Luckily , I am not really writing to answer the question of memory. It is interesting and , for that matter, I think with effort I might get better at reliving some of these times. I’m certain, I could develop more focused introspection ability and perhaps I will. What really interests me is how incapable I now seem to be at writing even a few lines of poetry. I read line after line that Sunday afternoon a couple of weeks ago, sometimes cringing in disapproval sometimes nodding in appreciation. I was actually impressed a couple of times with a quick thought that , surely I didn’t write that!”

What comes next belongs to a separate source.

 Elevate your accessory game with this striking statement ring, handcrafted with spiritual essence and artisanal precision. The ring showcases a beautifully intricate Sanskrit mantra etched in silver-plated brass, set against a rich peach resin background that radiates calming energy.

I got out a clean sheet of paper and a pen and set out to begin anew my poetry avocation/passion. Nothing much happened! I began a line with something like, “ I sit here tonight with pen poised and a mind as blank as my paper!. Me, the poet, actually couldn’t find any words to use, I continued pushing words around on the sheet, looking very much like a first grader sliding unwanted peas around his plate. Finally, I let it go and just read the poems the same way I would read Shelley or Keats, or, more likely, EE Cummings, with the one possible advantage being in a first name relationship with the author. I very tentatively concluded that poetry , like language acquisition, must have a developmental window of opportunity in which to be expressed in a life. Learning can happen outside the window but it is so much easier to do inside ! Another term I drag up from long lack of use, is ’zone of proximal development’ if I remember correctly. Again, there is a optimal time in a child’s life when they have the readiness , skills, etc to learn a task and the teacher is also in place and ready to walk through the learning with them. I can think of no more appropriate zone for learning poetry than during the loose and unstructured time of college. Idealism is at its height and responsibility and reality is almost nonexistent. Moods joyfully range from manic to depressive overnight and if you add love to this volatile mix, it is easy to see how you might get poetry, or a reasonable facsimile , there of.

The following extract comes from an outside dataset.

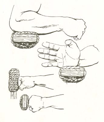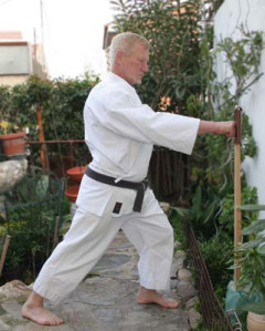 The “makiwara” is an upstanding striking board of certain dimensions and flexibility. It is embedded in its base and free at the top. The upper end is surrounded by a thick leather covering or by a piece of rice rope. The dimensions of the “makiwara” are such that when striking its upper end it will bend absorbing the power of the blow. We know that all action is counteracted by a reaction of the same magnitude and contrary direction. The “makiwara” will thus transmit to our body the same power, but in the contrary direction. With each impact the muscles absorb power, the connecting tissues are strengthened, the hands are trained, the mind focuses, the sight-hand connection becomes more precise and the desire to generate power also increases. Ultimately, we are contributing to increase the “atemi” or concentrated destructive power. Through “makiwara” practice we improve our technique and get a better understanding of our blows. After a first stage it will become evident that there is little to gain by confronting a “makiwara” to simply hit it. Better results are obtained if we use this equipment intelligently and put emphasis on improving our general performance and not only on increasing our “atemi”. At the beginning we will try to concentrate all our energy on a focus or point of impact. The objective is that with time, the focus, the “makiwara” and our own being become one (without perceivable differences).

I don’t know the answer to why I can’t extricate rhyming words at the age of sixty. Maybe I am trying too hard; maybe I’m not trying hard enough. I just thought of the similarity with my desire to do creative works as an expression of worship to God. I’ve often thought of doing paintings with a Biblical theme or message but most of my attempts appeared less than satisfactory until last Easter and a specific request to produce paintings for a Good Friday service at church. I suppose I need a mission or a challenge to push me or an incentive of some kind to pull me in the right direction. I will keep trying until I am either successful or have proven to myself that it is hopeless. While I am waiting for the outcome of this literary challenge, my goal is to put into some readable format the ‘early’ and so far only poems of Tom Hudgens. While I am at it, I also plan to include in this venture selections from the ‘Ostrich writings’ which I will explain later.
Who knows ? Before I’m finished, I may find new insights and abilities into this rhyming dilemma.